Jumat, 11 Desember 2009

Feel

Saat ada bedah buku “FEEL” – sebuah novel pertama dari Wulan Guritno dan Adila Dimitri, suaminya – di kampusku tanggal 3 Desember kemarin, dalam hati aku bilang, “Pokoknya harus lihat!”. Awalnya untuk bisa hadir di acara itu ribet: ponselmu harus memakai salah satu kartu dari provider yang punya acara tersebut. Kemudian kamu harus mendaftarkan diri di salah satu programnya yang bertema kampus. Ok, sehari sebelum acara aku beli salah satu kartu perdananya dan register.

Dan pas harinya, semua itu nggak diperlukan. Siapapun boleh masuk dan cukup mengisi buku tamu. Aku duduk dan… takjub melihat sosok Wulan Guritno pertama kali dalam hidupku. Langsung. Tanpa pembatas apapun.

Waktu itu aku datang bersama teman sekosku. Dia bilang padaku kalau sangat ingin mengajukan pertanyaan karena ingin melihat lebih dekat lagi Wulan Guritno. Kemudian aku minta dia untuk menanyakan apa yang ingin aku tanyakan – karena aku pun juga ingin ikut bertanya tapi tahulah gimana aku. Aku bisa mati gugup. Setelah giliran temenku bertanya: berdiri, maju ke tengah, tempat dimana mikropon berdiri, dan disitulah kamu akan bicara. Sementara dalam sekali di dalam tubuhku aku tidak berhentinya ribut sendiri – aku sangat ingin bertanya. Bukan masalah dengan apa yang akan kutanyakan, tapi lebih kepada keberanian untuk public speaking, itu istilah kerennya. Ini kesempatan untuk berlanjut pada kesempatan yang lebih besar lagi.
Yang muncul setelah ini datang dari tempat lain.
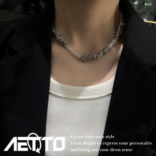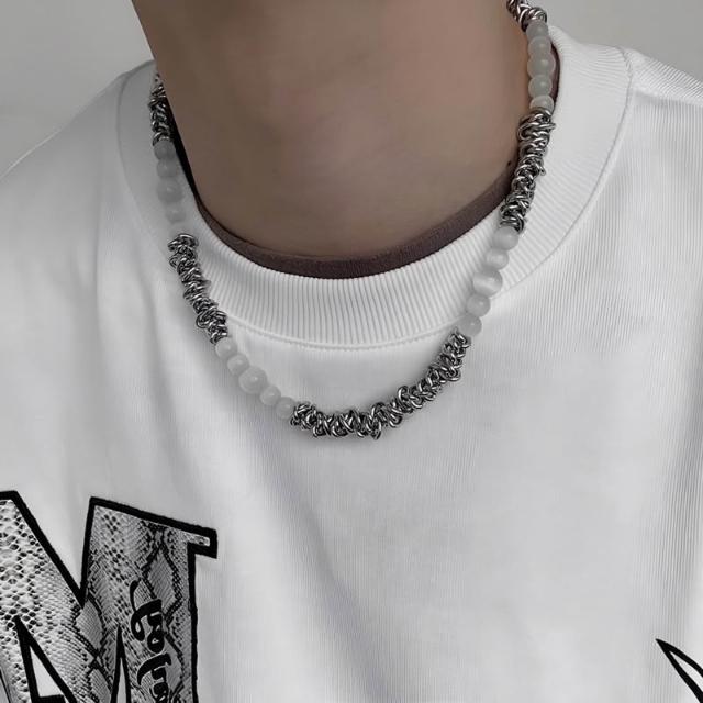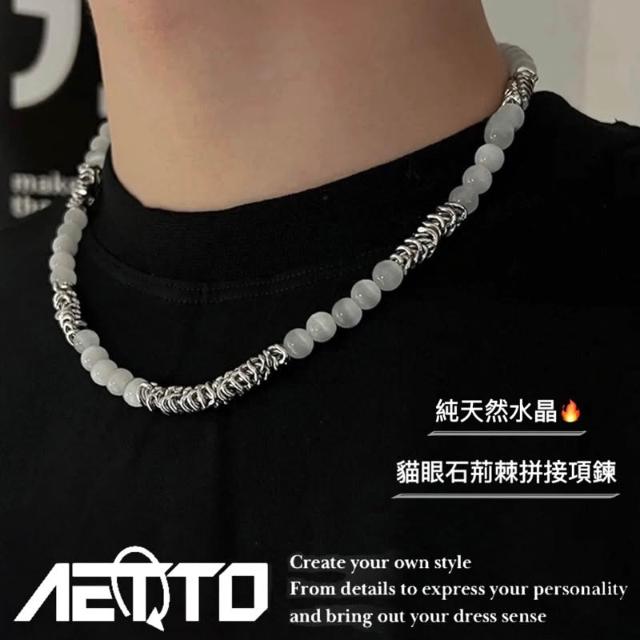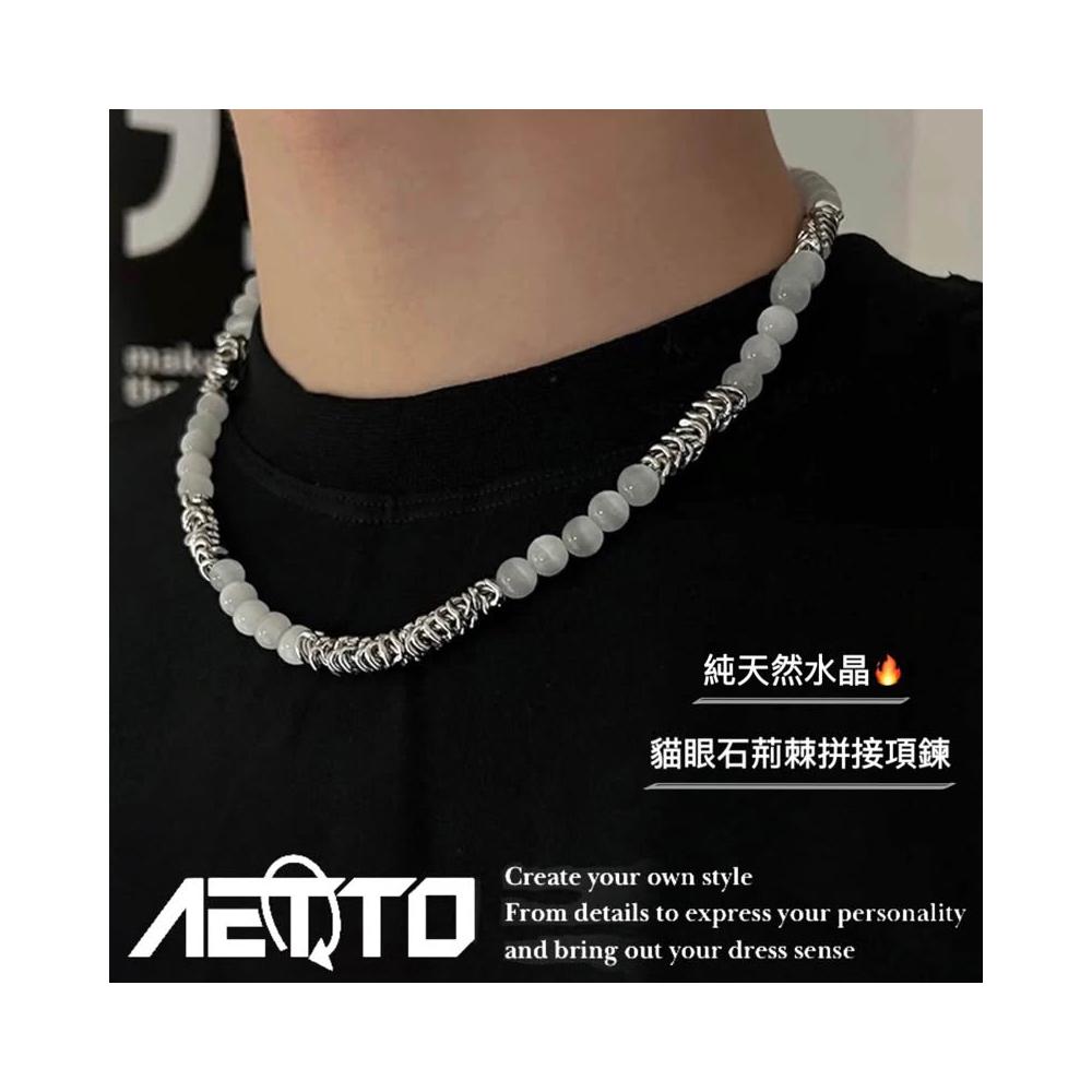 𝑨𝑬𝑻𝑻𝑶 貓眼石荊棘項鍊 高級感 天然水晶 淨化石 磁場 串珠 項鍊 鈦鋼項鍊 男生項鍊 女生項鍊 男生飾品 水晶項鍊

Aku mulai memerhatikan mereka yang hadir disitu. Mulai berpikir jumlah penonton – oh, ini sama seperti kuliah di kelas. Baiklah.

Begitu moderator bilang kalau pada saat itu adalah kesempatan terakhir untuk bertanya, pergelangan tanganku terangkat. Dan aku benar-benar menjadi yang terakhir. Sajian penutup, boleh dibilang.

Melegakan, aku berdiri di depan mikropon sekitar 5 menit dengan tidak satu pertanyaan, tapi 3 seingatku. Dengan muka panas sekali aku mendengarkan jawaban mereka sambil masih berdiri di dpean mikropon. Sampai jawabanku tuntas dijawab.

Acara usai aku beli satu Feel dan minta tandatangan kedua penulisnya, kemudian berfoto bersama.

Kesimpulannya bukan soal tandangan atau foto bareng Wulan Guritno, tetapi keberanian. Untuk menjadi berani semuanya itu yang mengendalikan diri kita sendiri. Ketakutan hanya bisa diatasi dengan tindakan. Itu poinnya.